Negotiating gravity and lightness

Updated: May 27

I spend quite some time without thinking much at anything. Often when I walk, or sit, or just attend to ordinary activities, I like being quiet and silent inside. But I like thinking, namely, I like trying to articulate and spelling out what often seems intuitively clear and interesting, but at first also a bit mysterious. The point is not to take the mystery away, but just to fully understand what the mystery is about.

 

Over the past four months or so, I transitioned from a very still and relatively solitary meditative practice, to a very dynamic and relational one—contact improvisation (CI). I clearly see a strong continuity between the two, but it might be helpful to spell it out. Of course, my experience with CI is still in its beginnings and I’ve so much more to learn. Yet, let me put here a few ideas down as a milestone to capture my understanding at this point.

 

We begin by lying on the floor. Let the body completely surrender to gravity, yielding to the ground fully. Or else enjoying the feeling of the floor pushing into our body, supporting it. There is a sense of release and even dissolution, a melting away, a sort of peace. Everything is relaxed, and everything is completely safe, like in a womb. We’ve got nothing to do but to enjoy this—and we can fall only in the sense of falling asleep.

 

Now, this absolute safety and protection has a cost. There is very little that it is possible to do in this condition. Yes, you’re very safe, but you’re too safe. In fact, you’re stuck. This is the first call for a choice to make: either be content with doing nothing, never, or pushing back, pushing away from the floor, taking a distance. Every inch of distance, every millimeter away creates a gap, and in that gap, new movements become possible.

 

Imagine now sitting on the floor instead of lying, coming to your knees, or standing in all-fours, or eventually coming to standing on your feet, and eventually on one foot, maybe on one toe. The less the body relies on the support of the floor, the freer it becomes in its movements. At the same time, the freer the scope of movement, the more unstable. Freedom does not manifest as a form to keep, but a constant arising and dissolving of forms that emerge and collapse in one another, like waves.

 

The ‘little dance’ (or the ‘stand’) is a very clear tool to observe this fact. As we stand, we constantly swing in all directions. Very little movements keep the whole body balancing. Every movement is in fact the beginning of a fall, and we (can) keep catching ourselves before fully falling down.

 

When standing, it becomes absolutely clear that two forces are in fact playing within us (or that we are the result of their interplay). One force is the force of gravity that brings us downward. The other force is the force of lightness that wants to move us upward. The force of gravity is the force of safety, the tendency to downregulate back to the minimum degree of activation, falling back to resting and yielding.
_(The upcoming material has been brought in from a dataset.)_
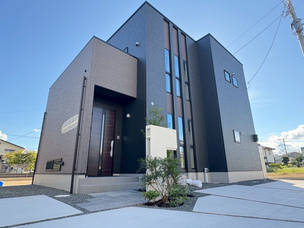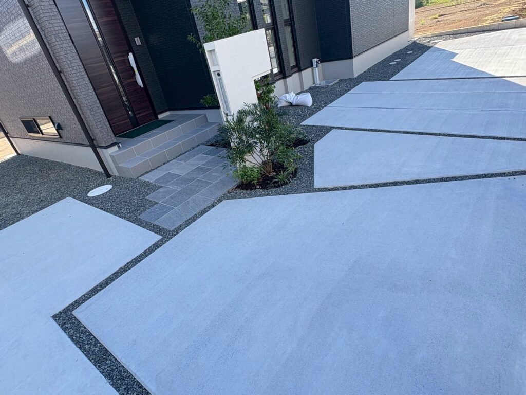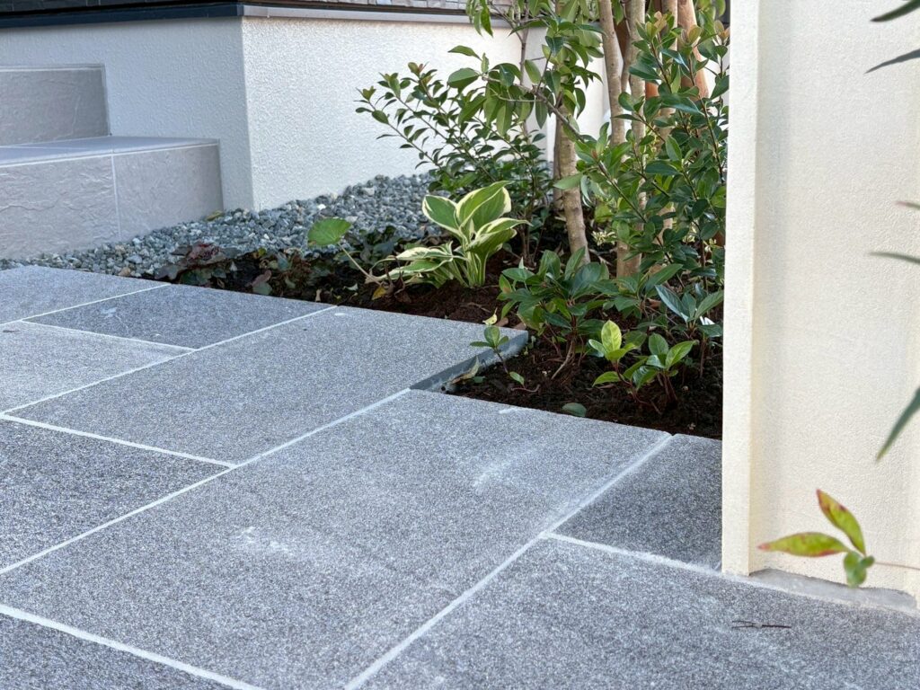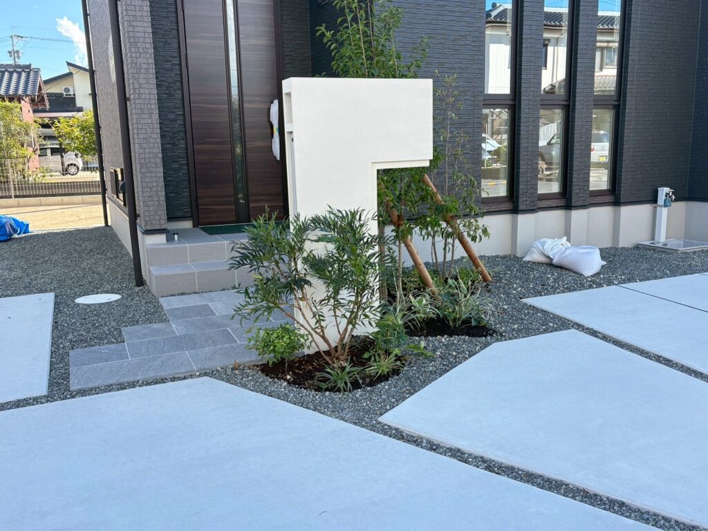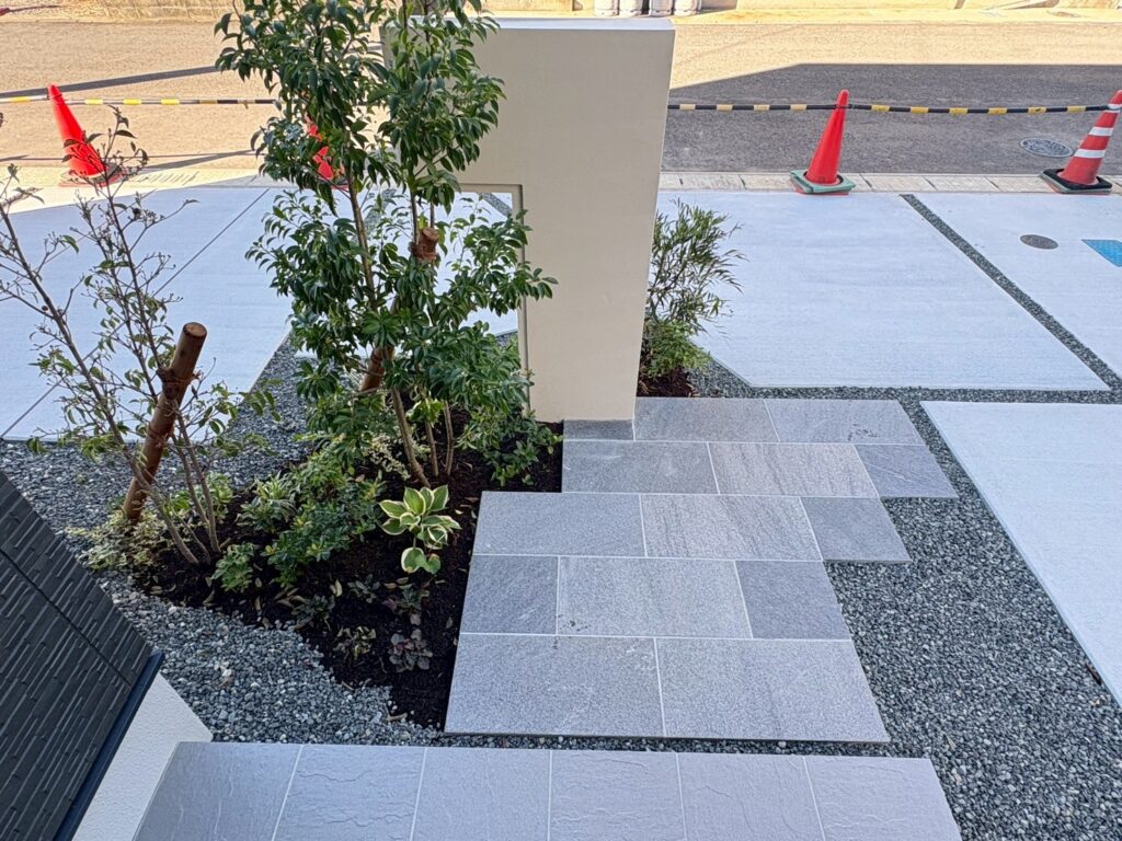 ゆったりと広がる敷石アプローチと、スタイリッシュな門柱が印象的な外構です。直線と斜めラインを組み合わせたデザインが、シンプルながらも人とは違う”特別感”を演出。モノトーンを基調とした落ち着いた雰囲気の中に、植栽の彩りがやさしく映えます。ナチュラルモダンな空間で、毎日の帰宅がちょっと楽しみになるようなお庭に仕上がりました。オリジナリティのある外構をお考えの方におすすめです。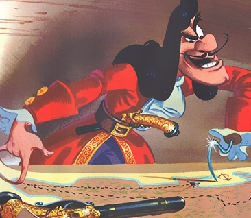 Captain Hook is the main antagonist of Disney's 1953 animated feature film Peter Pan. He is an elegant, yet dastardly pirate that commands the Jolly Roger, a brig docked on the shores of Neverland. Hook has long since abandoned sailing the high seas in favor of having revenge on Peter Pan for cutting off his left hand and feeding it to a crocodile, who has since been in constant pursuit of the captain. While a worthy opponent for Peter, Hook is destined to fail—sometimes because of Pan's ability to fly, but more often through the bumbling incompetence of his first mate, Mr. Smee.

The force of lightness is the force of bravery, the tendency to dare, to fly away, to venture into the unexplored, at the risk (in fact, with the certainty) of collapsing and dissolving at some point.

 

It is absolutely clear that these two forces are complementary and they need each other. Without a force of lightness, gravity would be sheer death, or a gloomy grave. Without a force of gravity, lightness would be just craziness, leading to scattered, ungrounded and pointless movement. Gravity creates a constraint for lightness to express itself, and lightness creates a counterpoint to gravity to function as a support rather than as a chain.

 

Everything we do, is ultimately expressed in a kinesthetic pattern. And all kinesthetic patterns are eventually a certain proportion between these two forces, a negotiation, a compromise, a polyphony. Most often, we rely on relatively rigid patterns and schemes. For instance, while standing, the ‘little dance’ reveals that we just keep falling relatively close to the same point. Standing is just falling always in the same place. While we walk, we keep falling on a straight line. Learning a pattern means learning relatively safe ways of negotiating lightness and gravity, schemes that we can predict and replicate almost automatically. In this way we embody ‘forms’, ‘masks’, we become characters. All stuff we learned at some point, we used as a scaffold, and we keep using indefinitely (or at least, until something breaks down).

 

However, at any moment many more possibilities are open. It is enough to relax the tension around the need to holding on to the same pattern to recognize that a wide variety of other options is just there, ready to be explored. Following a pattern is an indirect expression of the force of gravity, and breaking the pattern is an expression of lightness. As we stand, we can thus begin to fall in many directions, starting from different limbs, going to different levels. A whole unforeseen world is thus improvised on the spot.

 

The first half of contact improvisation (improvisation) has to do with this negotiation between gravity and freedom, safety and bravery, grounding and flying, catching and falling. There is no fixed solution, result, or goal. The negotiation is always ongoing, often moving in different ways, sometimes traversing bright spaces, sometimes dark ones. It delineates a spectrum of possibilities, which is the very spectrum of our own freedom.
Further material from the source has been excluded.